Assignment :: The material below holds the lines to copy: from the one with "e 14:00-18:00 |" up to and including the one with "Photo 2 : Le". Copy them exactly and skip the pictures.

Input ::
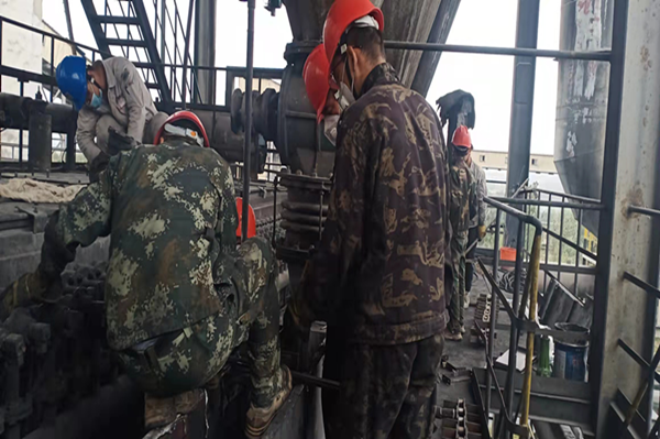 然而一波未平一波又起,在凈化刮板機(jī)檢修完成后的三小時(shí)之后,因2#爐凈化煙管4段溫度一直居高不下,擔(dān)心造成水管汽化,裝置領(lǐng)導(dǎo)與公司領(lǐng)導(dǎo)溝通后決定停爐對其進(jìn)行處理。自下午15:28開始停電處理直至18:17送電,為期2個(gè)多小時(shí)的停爐檢修及處理,讓站在頂樓搶修的人員直呼:“凍得都感受不到自己的耳朵和腳了”。雖然天氣如此惡劣,但面對生產(chǎn)任務(wù)緊張,面對檢修,我們的領(lǐng)導(dǎo)和現(xiàn)場檢修人員沒有一個(gè)人抱怨,有的只是手中不斷閃現(xiàn)的電焊火光和一心完成檢修工作的緊迫,在這里讓我們?yōu)樗麄?span>深深說一句:你們辛苦了。
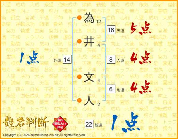 為井文人さんの天運は16画の5点!
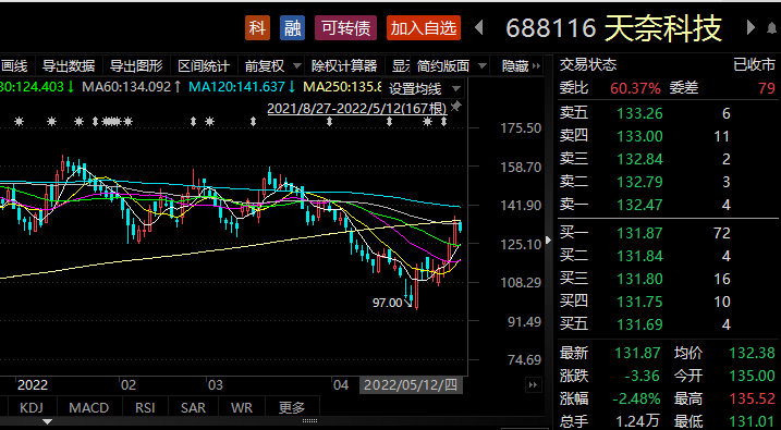 5月12日,天奈科技收盘价为131.87元/股,当日股价下跌2.48%,总市值306亿元。5月以来,天奈科技股价上涨14.66%。天奈科技在2022年一季度末被101只基金持仓5601.75股,占流通股比例为31.22%。
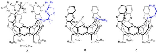 Cavitands can be easily functionalized [5,6], and a large variety of coordinating functions can be introduced, in particular phosphorus or nitrogen derivatives and N-heterocyclic carbenes [7,8]. This preorganization platform has led to sophisticated catalysts [9,10,11,12,13] as demonstrated by Gibson and Rebek with their expanded cavitand A, which is able to form P,N-chelate (Figure 1) [14]. In the palladium-catalyzed allylic alkylation with dimethylmalonate, the partial entrapment of the substrate in the pocket formed by the cavitand favors nucleophilic attack on the less sterically carbon atom, exclusively leading to the formation of the linear products. Iwasawa and co-workers observed that in the gold-catalyzed hydration of 1-butynylbenzene with the cavitand B, which has phosphoramidite and phosphoramidate moieties, 98% of 1-phenyl-2-butanone was formed, with only 2% of 1-phenyl-1-butanone (Figure 1) [15]. Notably, in the test with cavitand devoid of phosphoramidate substituent, no conversion of the alkyne was observed. The authors confidently interpreted these results as an activation of the water molecule by the ideally positioned P=O group, which facilitates its addition to the alkyl bond. Chaplin and co-workers recently reported a tris-quinoxaline extended resorcin[4]arene on which a bis-phosphinated substituent (phosphite-phosphine) was grafted (C; Figure 1) for the rhodium-catalyzed hydroformylation of terminal alkenes [16]. The hydroformylation of octene under 20 bar of syngas at 60 °C with the [Rh(acac)C] (acac = acetylacetonate) complex resulted in a 5.9 times higher proportion of branched aldehyde than linear. The unusual regioselectivity was explained by the authors by the steric constraints imposed by the quinoxaline walls on the catalytic center. These constraints, during the insertion step of the olefin in the Rh-H bond, result in the formation of secondary alkyl intermediate, rather than the linear one.
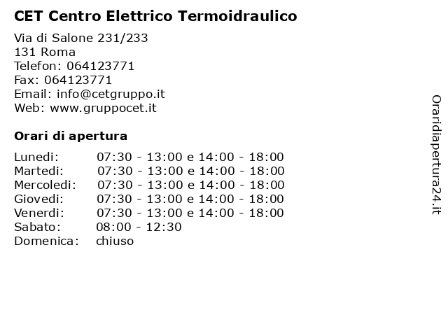 | Lunedi | 07:30-13:00 e 14:00-18:00 |
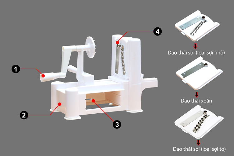 Với việc trang bị 3 khuôn dao dễ dàng thay đổi linh hoạt, người sử dụng có thể dễ dàng thái rau củ quả thành các sợi nhỏ rất dài dạng xoắn ốc hoặc dạng sợi thẳng. Tùy vào từng khuôn dao được sử dụng, người dùng có thể thu được sản phẩm có các kích thước sợi nhỏ, sợi dài dầy hơn hoặc sợi dạng dải ruy băng mỏng tiện lợi.
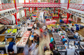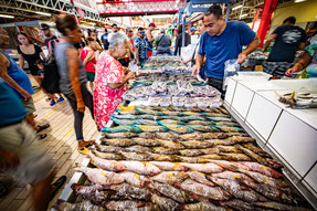 Photo 2 : Le rythme du marché. Le jour se lève, le public arrive et circule entre les étals de poissons.
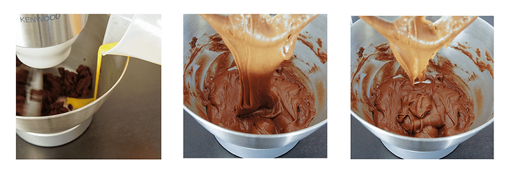 Ustaw obroty miksera na średnie. Zacznij dodawać zblendowane jaja stopniowo. Na początek wlej połowę, poczekaj do całkowitego połączenia. Następnie wlej połowę z pozostałej części. Od tego momentu włącz swoją czujność!!! Dodawaj jaja małymi partiami i sprawdzaj konsystencję ciasta. Unieś mieszadło do góry, ciasto jest gotowe jeśli opada na dno misy swobodnym, nieprzerwanym strumieniem, jednocześnie nie łącząc się z masą w misie. Ciasto, które pozostanie na końcówce miksera powinno przypominać swoim kształtem literę „V”.
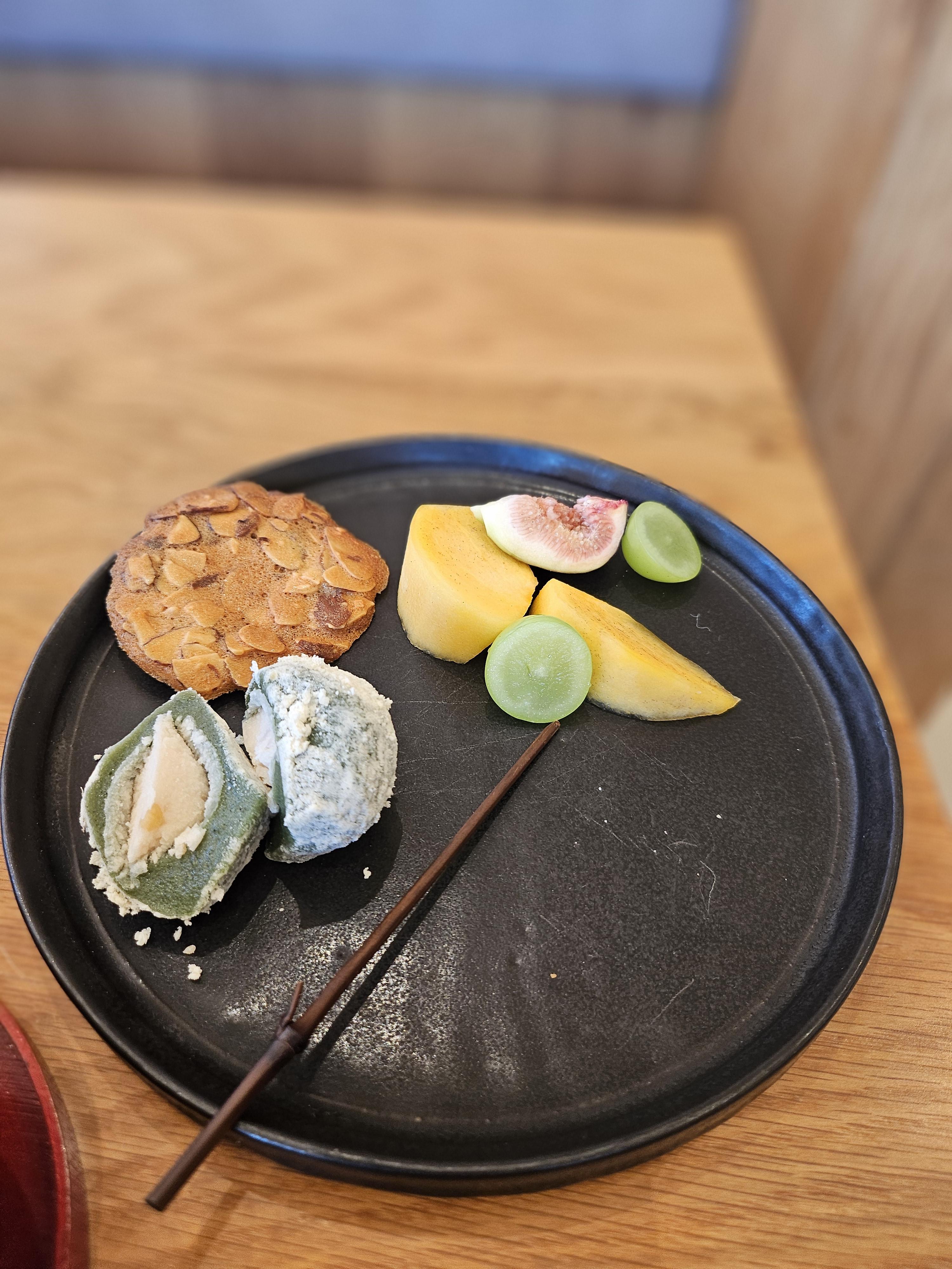 명원박물관에서는 여러 문화행사가 있는 듯해요. 외국인도 많네요. 한옥 같은데 세련된 분위기, 처음 맛보는 진한 말차, 그리고 먹기 아까운 다과세트까지~
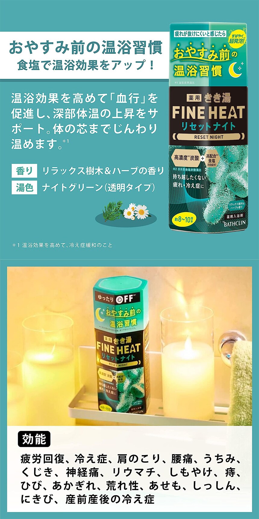 温浴効果を高めて「芯」まで温める。疲れ、冷え性に。
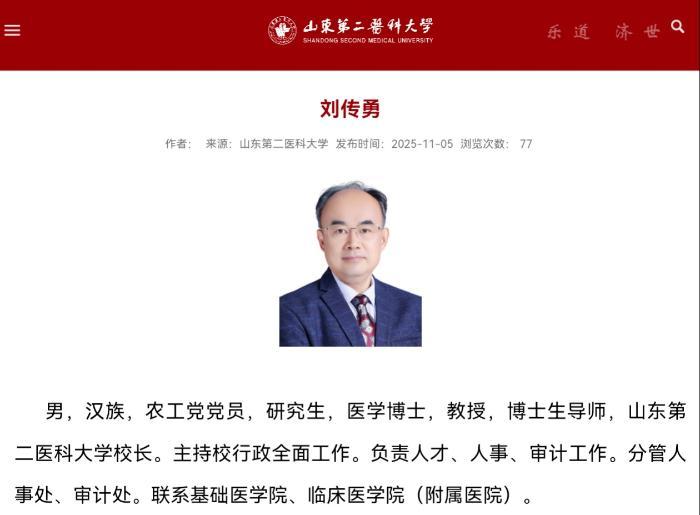 近日,山东第二医科大学网站更新领导显示,刘传勇已任山东第二医科大学校长。
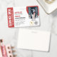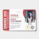 badge d'identification de chien de service horizontal en rouge et blanc avec espace pour une photo du chien de service et deux logos. Ajoutez le nom, le titre et le numéro d'enregistrement. Ajoutez également le nom du gestionnaire et les informations de contact.

Exercise output ::
 | Lunedi | 07:30-13:00 e 14:00-18:00 |
 Với việc trang bị 3 khuôn dao dễ dàng thay đổi linh hoạt, người sử dụng có thể dễ dàng thái rau củ quả thành các sợi nhỏ rất dài dạng xoắn ốc hoặc dạng sợi thẳng. Tùy vào từng khuôn dao được sử dụng, người dùng có thể thu được sản phẩm có các kích thước sợi nhỏ, sợi dài dầy hơn hoặc sợi dạng dải ruy băng mỏng tiện lợi.
 Photo 2 : Le rythme du marché. Le jour se lève, le public arrive et circule entre les étals de poissons.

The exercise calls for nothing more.